Paula GabbaiPara quem tem curiosidade ou é um pesquisador em busca de fontes, o site da Royal Society oferece vários catálogos on-line. Há livros e journals a partir de 1660, manuscritos e documentos da própria instituição, imagens sob várias formas, informações sobre os fellows e suas obras. Na biblioteca há mais de 70 mil títulos, publicados a partir do século XV. No acervo de imagens, mais de 6 mil fotografias, gravações, gravuras e pinturas. Entre os periódicos, circula desde 1665 o Philosophical Transactions. Outros sete surgiram depois. Entre eles há o tradicional Proceedings, com edições específicas para as ciências exatas e as ciências da vida, o Interface, com artigos relacionados às facetas interdisciplinares das ciências, e o Notes & Records, com textos no campo da história da ciência. Como parte das comemorações pelos 350 anos – calendário que incluiu um número grande de eventos e até programas na BBC britânica –, o arquivo de periódicos pode ser acessado livremente até o próximo dia 30 de novembro.

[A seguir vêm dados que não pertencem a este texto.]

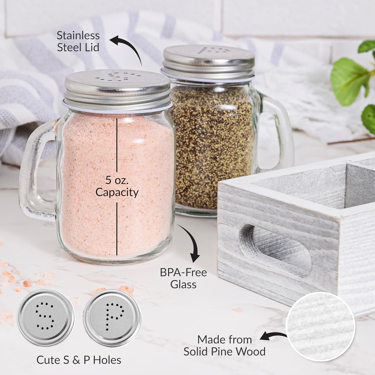 Store New Arrivals Add to Favorite View Feedback Contact Mason Jar Salt and Pepper Shakers - Glass Shaker Set with Wood Holder Caddy, Easy to Clean & Refill for Farmhouse Kitchen Table, Home and Gifts (White) Description Item model number MJSNP Closure Material Stainless Steel Capacity 5 ounces Color White Material Glass, Stainless Steel Item Weight 11.2 ounces Shape Cylindrical Product Dimensions 6"L x 3"W x 3.5"H For Your Everyday Use - Ideal size for frequent use and less frequent refillings, the containers measure 2.5 inches in diameter x 3.25 inches height and each holds 5 ounces (105ml) capacity Durable and Convenient - The mini mason jars are made of clear glass to easily recognize the content, the lids are made of stainless steel for long lasting daily use, and the solid wood caddy keeps it all organized Complete Your Farmhouse Look - Add the perfect touch to your countertop with this decorative shaker set, ideal to coordinate with your unique style from vintage french country to modern cottage look Any Day Gift - Impress your friends and family with this unique present for Christmas, wedding registries, birthday parties, Mother's Day, housewarming, stocking stuffers Cute Kitchen Essential - Whether be your foodie friends, the cook in the family, restaurants, event catering, or simple home improvement, you will love it Beautiful and practical for tabletop and kitchen, to fit any style from traditional french country to cottage chic look. Ideal size for frequent use and less frequent refillings, these containers each hold 5 ounces (105 mL) capacity, 2 1/2” diameter x 3 1/4” height, with embossed details. The mini mason jars are made clear glass to easily recognize the content and the lids are made of metal for long lasting every day use. Impress your friends and family with this unique present for Christmas, Birthday Party, Mother's Day, Housewarming, Stocking Stuffers. ABOUT US We offer the best prices around on high quality products. Our E-store includes media such as books, movies, music and games while offering electronics, toys, sporting apparel, clothing, tools, general home, garden items and more. SHIPPING We are always working hard to ensure your package arrives as soon as possible. Please understand that some factors like weather, high postal traffic, and the performance of shipping companies are outside of our control. We offer free shipping to the lower 48 states and ship within 2 business days of payment, usually sooner. We do not accept P.O. Boxes. Please provide a physical address. RETURNS We offer a 30-Day Return Policy on items which you are not completely satisfied with. You have the option for a full-refund or an exchange of the item. No returns are available on items shipped outside of the USA. PAYMENT We accept PayPal. CONTACT US This page content is yet to come Please ad us to your favorite seller and visit again later Thank You CUSTOMER SATISFACTION We try our very best to make sure every customer is completely satisfied. If there's a problem, message us! We're happy to help.

A Royal Society realiza uma série de encontros em diversos países para discutir, sob perspectiva multidisciplinar, os novos desafios do conhecimento. Este ano, em agosto, o Fronteiras da Ciência ocorreu pela primeira vez no Brasil. Ao lado da Royal Society, participaram da organização a FAPESP, em parceria com British Council, Academia Brasileira de Ciências, Academia Chilena de Ciências e Cooperação Reino Unido-Brasil em Ciência e Inovação. A opção pelo Brasil – na passagem dos 350 anos da instituição britânica – foi vista como uma demonstração da importância conquistada pelo país no contexto internacional da ciência, como lembrou, na ocasião, um dos coordenadores do encontro, Marcelo Knobel, pró-reitor de Graduação e professor do Instituto de Física Gleb Wataghin (IFGW) da Universidade Estadual de Campinas (Unicamp). O evento reuniu palestrantes brasileiros do Instituto Ludwig, da Unicamp, da Universidade de São Paulo (USP), do Instituto de Matemática Pura e Aplicada (Impa) e da Universidade Federal de Minas Gerais (UFMG). Do lado britânico, a programação incluiu palestrantes das universidades de Bath, de Oxford, de Plymouth, de Warwick, de Bristol, de Exeter e do Imperial College de Londres.